Kenya, Ireland in double taxation deal to spur trade

Kenya plans to sign an agreement with Ireland to eradicate double taxation of income or gains arising in one country and paid to residents of the other country.

The new deal, which will be subject to ratification by both the Irish and Kenyan parliaments, is set to create a conducive environment for investments, trade in goods and services between the two countries by removing uncertainties caused by having two different jurisdictions at play.

The National Treasury this week asked Kenyans for their views before Kenya signs the deal.

“This Agreement shall apply to taxes on income and capital gains imposed by each contracting state, irrespective of the manner in which they are levied,” reads the agreement.

“Profits of an enterprise of a contracting state shall be taxable only in that State unless the enterprise carries on business in the other state through a permanent establishment situated therein.”

Principal exports from Ireland to Kenya include manufacturing metals, office machines, cereals and beverages. Key imports from Kenya to Ireland include coffee, tea, fruits and vegetables.

The value of trade in services between Ireland and Kenya has grown by more than 20 percent annually since the reopening of the Ireland Embassy in Nairobi in 2014 and is now totalling more than $160 million per year.

In 2019, more than 40 Irish companies inked investment deals worth Sh4.8 billion with their Kenyan counterparts.

Kenya has increased the number of double-taxation pacts with key trade partners, signalling resolve to boost flow of investments.

Parties who get these deals are protected from double taxation, one of the issues that contribute to low investor interest in a country.

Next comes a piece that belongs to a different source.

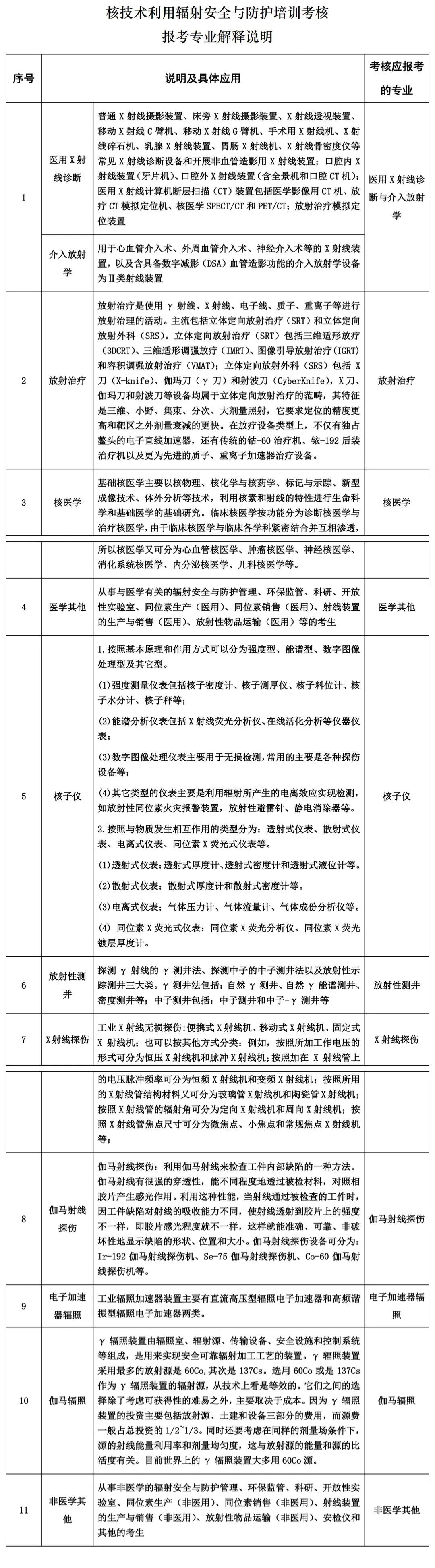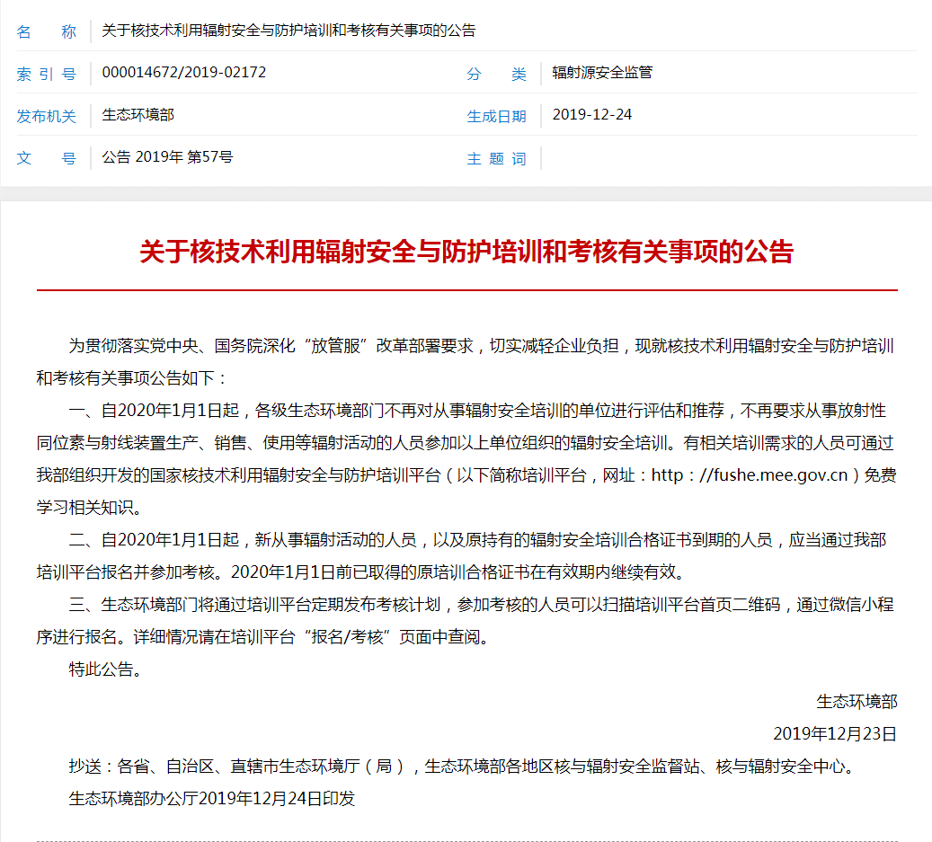 目前应如何培训和考核? 接生态环境部通知,自2020年1月1日起,各级生态环境部门不再对从事辐射安全培训的单位进行评估和推荐,不再要求从事放射性同位素与射线装置生产、销售、使用等辐射活动的人员参加原推荐单位组织的辐射安全培训。有相关培训需求的人员可通过生态环境部组织开发的国家核技术利用辐射安全与防护培训平台(以下简称培训平台,网址:http://fushe.mee.gov.cn)免费学习相关知识。公告原文如下: 现在考生需自行在培训平台学习,通过微信小程序报名成功后(唯一的报名渠道)取得准考证,进行线下集中考核。网上学习和考核不收取费用。 哪些人需要参加考核? 报名条件:一、年满16周岁,具备完全民事行为能力;二、从事或准备从事核技术利用辐射相关工作。 同时满足以上两个条件的人员就必须参加考核,成绩合格才能从事核技术利用辐射相关工作。 考核报名有哪些注意事项? (1)核技术利用辐射安全与防护考核采用指定微信小程序报名(微信小程序搜索HJSLY或扫描上文二维码),每位考生一年最多可获得三次考核机会。允许通过微信小程序为他人报名。报名请提前准备好免冠证件照(电子版),认真填写报名相关信息。 【特别提醒:每位考生一年最多可获得三次考核机会,并非每个科次有三次的考核机会,报名且显示审核通过却不来参加考试也算作一次,如果三次考试都不合格就等下一年再报考。请考生珍惜考核机会,不要连续报考。】 (2)核技术利用辐射安全与防护考核为闭卷考核,考核时长为60分钟。考核科目分为医学(医用X射线诊断与介入放射学、放射治疗、核医学,并设医学其他)和非医学(X射线探伤、伽马射线探伤、电子加速器辐照、伽马射线辐照、核子仪、放射性测井,并设非医学其他),合计十一类。 (3)请考生根据个人辐射工作类别选择对应的考核科目进行报名。从事辐射安全与防护管理、环保监管、科研、开放性实验室、同位素生产、同位素销售、射线装置的生产与销售、放射性物品运输、安检仪和其他辐射工作类别的考生可根据行业相关性选择医学其他或非医学其他。 (4)考生报名后需经考核机构审核,审核通过即报考成功,请于开考前下载并打印准考证,认真核对报名信息,获知具体的考核地点。 如何选择报考专业? 改革后,考核科目不再是医学和工业两大类,而是分为医学(医用X射线诊断与介入放射学、放射治疗、核医学,并设医学其他)和非医学(X射线探伤、伽马射线探伤、电子加速器辐照、伽马射线辐照、核子仪、放射性测井,并设非医学其他),合计十一类。请考生根据个人辐射工作类别选择对应的考核科目进行报名。若无对应专业,则报考“医学其他”或“非医学其他”,该类学员选择相对接近的专业实务类视频进行学习。 试卷结构如下: 电离辐射安全与防护考核题型为客观题,分为单项选择和多项选择题。单项选择题要求从备选项中选择一个最符合题意的选项。多项选择题要求从备选项中选择两个或两个以上符合题意的选项,错选不得分;漏选,则所选的每个选项得1分。试卷总分120分,含40道单项选择题(每题2分)和10道多项选择题(每题4分),考核时长为一小时,72分及格。 如何学习? 通过注册登录国家核技术利用辐射安全与防护培训平台(以下简称培训平台,网址:http://fushe.mee.gov.cn)进行自学,请各位考生多去熟悉平台各个模块,学习资料在“课程中心”和“资源中心”获取,报名及考核的相关信息看“报名/考核”。 国家核技术利用辐射安全与防护培训平台(以下简称“培训平台”)是生态环境部开展“互联网+培训”的重要实践,以保障环境、公众的辐射安全和辐射从业人员的职业健康为目的,鼓励核技术利用辐射从业人员开展自我培训。 为推动线上培训与学员自主学习,培训平台提供视频类和文档类培训资源如下: (1)视频培训资源 培训平台提供2门公共科目(基础和法律)和9门专业科目共计23个小时的视频培训内容。辐射从业人员可根据自身工作需要选择对应的科目进行学习,报考医学其他和非医学其他专业的学员可根据自身需要从9门专业科目中选择自身相关的专业科目进行学习。 资源入口:课程中心 http://fushe.mee.gov.cn/index.php?a=course&m=Index (2)文档类培训资源 培训平台提供11个科目的应知应会文档资源,供学员在线学习与下载。 资源入口:资源中心/常见下载/培训资料 http://fushe.mee.gov.cn/index.php?a=resource&m=Index (3)拓展类学习资源 培训平台还提供专业实操、辐射科普、经典案例等拓展类学习资源,并将在常见下载中增加核技术利用法律法规和标准类学习资源。 报名难怎么办? 照片不合格怎么办? 请考生严格按照报名照片尺寸与质量要求上传照片: 报名照片必须是正规的电子证件照,应为个人近期免冠(不戴帽子)白底、蓝底或红底标准两寸电子证件照。不得随意拍照上传。不得使用翻拍的证件照或其他生活照、艺术照。照片需要包含整个面部、耳朵、颈部和肩膀,不闭眼,直视镜头。两寸证件照尺寸为3.5*5.3cm,分辨率最低300dpi,对应的像素为413*626像素,照片存储大小不超过200KB。考核系统支持常见的JPG、BMP、PNG、JIF照片格式,并支持对已有照片进行裁剪。请考生认真按照要求参照下图示例上传照片,避免报名审核不通过。 特别提醒:请所有考生报名时务必填完整、准确填写报名信息,包括工作单位、单位所在城市、从事

New double-tax treaties (DTTs) with key trade partners such as the East African Community and the United Arab Emirates (UAE) have been concluded.

Double taxation leads to losing significant portion of income for both individuals and corporations, which also face the challenges of incurring higher employee costs as a result of the higher taxes expatriate labour has to pay.

Kenya has double tax treaties with the UK, Canada, Denmark, Norway, India, Sweden, Zambia and Germany among others.